■ **What the task requires**: Pictures are to be dropped, and only the lines from the one containing "Eko Gra Warcaby" through the end of the data below are to be reproduced as written.

■ **Dataset excerpt**:
------------------------------------------------------------
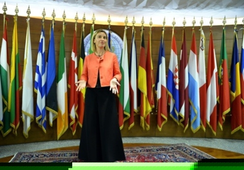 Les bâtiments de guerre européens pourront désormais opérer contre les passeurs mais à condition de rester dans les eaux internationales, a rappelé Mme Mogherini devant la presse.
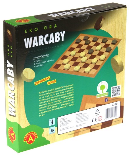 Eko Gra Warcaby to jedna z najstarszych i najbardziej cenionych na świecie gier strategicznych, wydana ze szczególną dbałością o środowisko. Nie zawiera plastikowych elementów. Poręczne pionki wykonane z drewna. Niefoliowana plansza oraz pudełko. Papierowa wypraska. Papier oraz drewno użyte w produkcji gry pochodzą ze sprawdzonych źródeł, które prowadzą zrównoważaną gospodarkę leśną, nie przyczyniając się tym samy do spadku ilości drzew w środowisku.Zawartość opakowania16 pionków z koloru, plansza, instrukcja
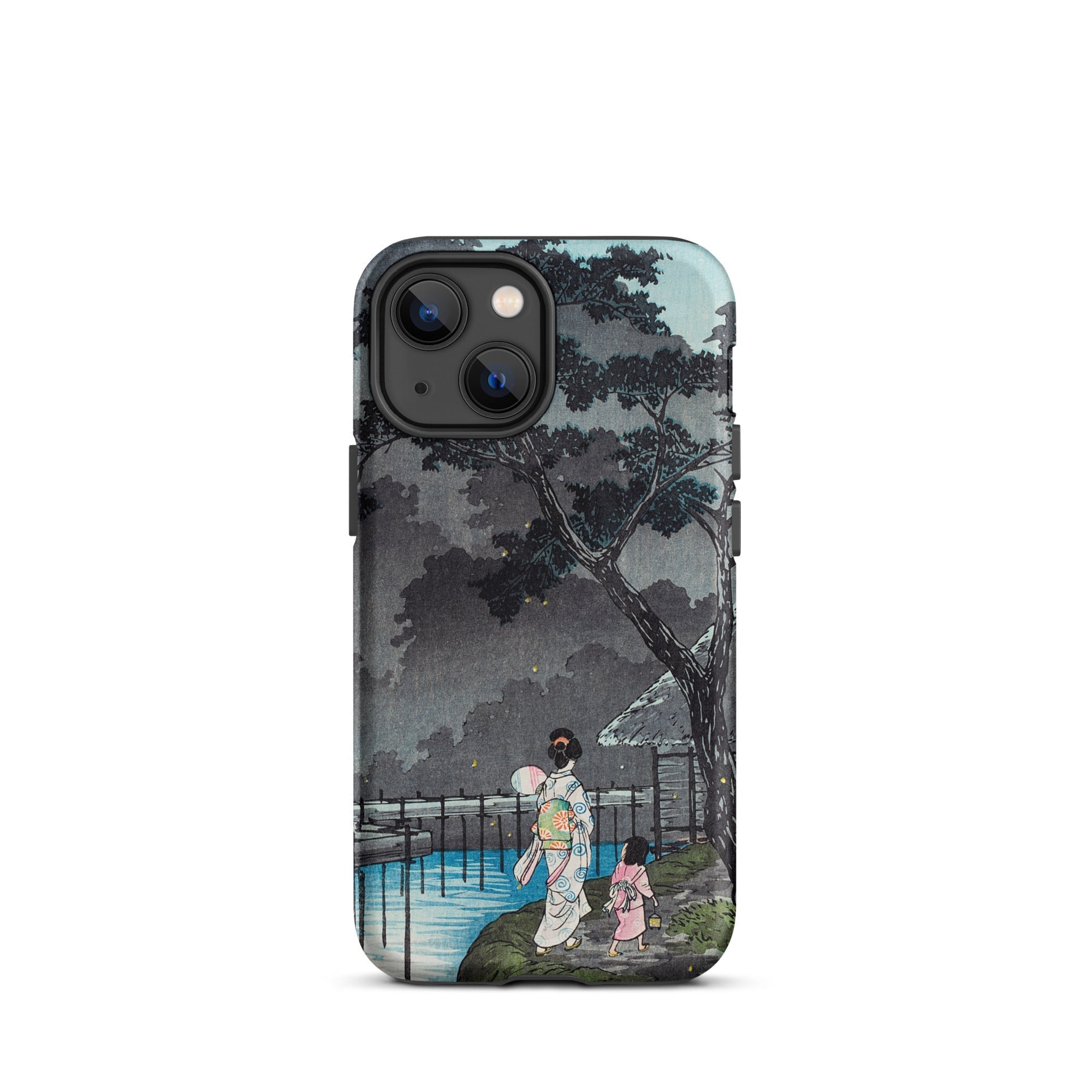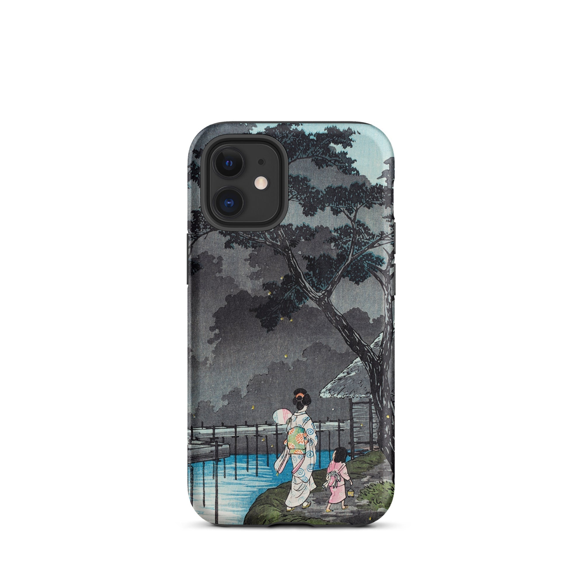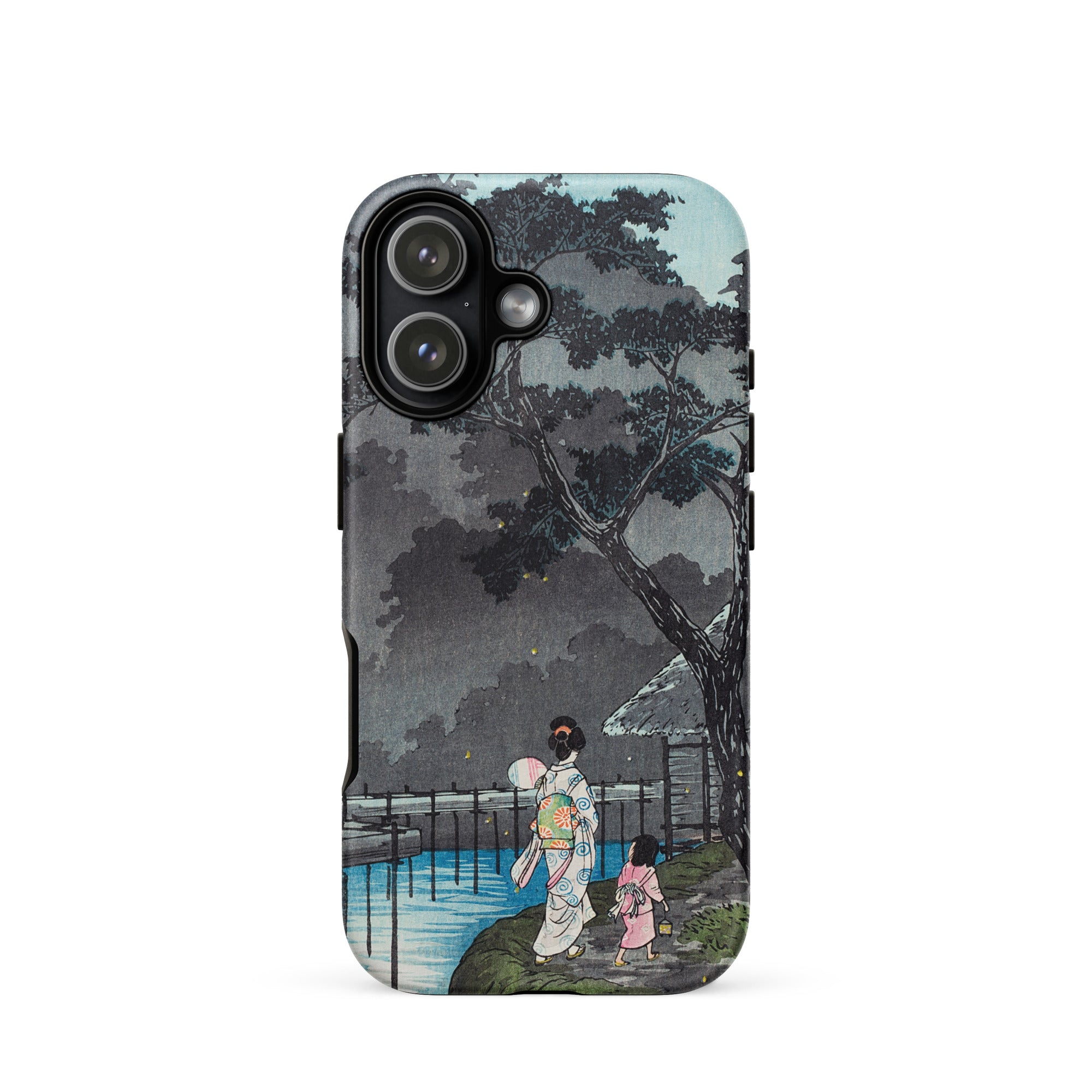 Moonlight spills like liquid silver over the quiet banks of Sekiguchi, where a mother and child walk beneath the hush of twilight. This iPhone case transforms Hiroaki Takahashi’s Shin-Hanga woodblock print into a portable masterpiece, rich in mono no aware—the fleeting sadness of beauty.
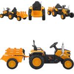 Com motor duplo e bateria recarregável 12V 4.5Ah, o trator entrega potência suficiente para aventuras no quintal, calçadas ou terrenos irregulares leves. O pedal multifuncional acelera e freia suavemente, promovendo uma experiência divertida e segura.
------------------------------------------------------------
■ **Exercise response**:
 Eko Gra Warcaby to jedna z najstarszych i najbardziej cenionych na świecie gier strategicznych, wydana ze szczególną dbałością o środowisko. Nie zawiera plastikowych elementów. Poręczne pionki wykonane z drewna. Niefoliowana plansza oraz pudełko. Papierowa wypraska. Papier oraz drewno użyte w produkcji gry pochodzą ze sprawdzonych źródeł, które prowadzą zrównoważaną gospodarkę leśną, nie przyczyniając się tym samy do spadku ilości drzew w środowisku.Zawartość opakowania16 pionków z koloru, plansza, instrukcja
 Moonlight spills like liquid silver over the quiet banks of Sekiguchi, where a mother and child walk beneath the hush of twilight. This iPhone case transforms Hiroaki Takahashi’s Shin-Hanga woodblock print into a portable masterpiece, rich in mono no aware—the fleeting sadness of beauty.
 Com motor duplo e bateria recarregável 12V 4.5Ah, o trator entrega potência suficiente para aventuras no quintal, calçadas ou terrenos irregulares leves. O pedal multifuncional acelera e freia suavemente, promovendo uma experiência divertida e segura.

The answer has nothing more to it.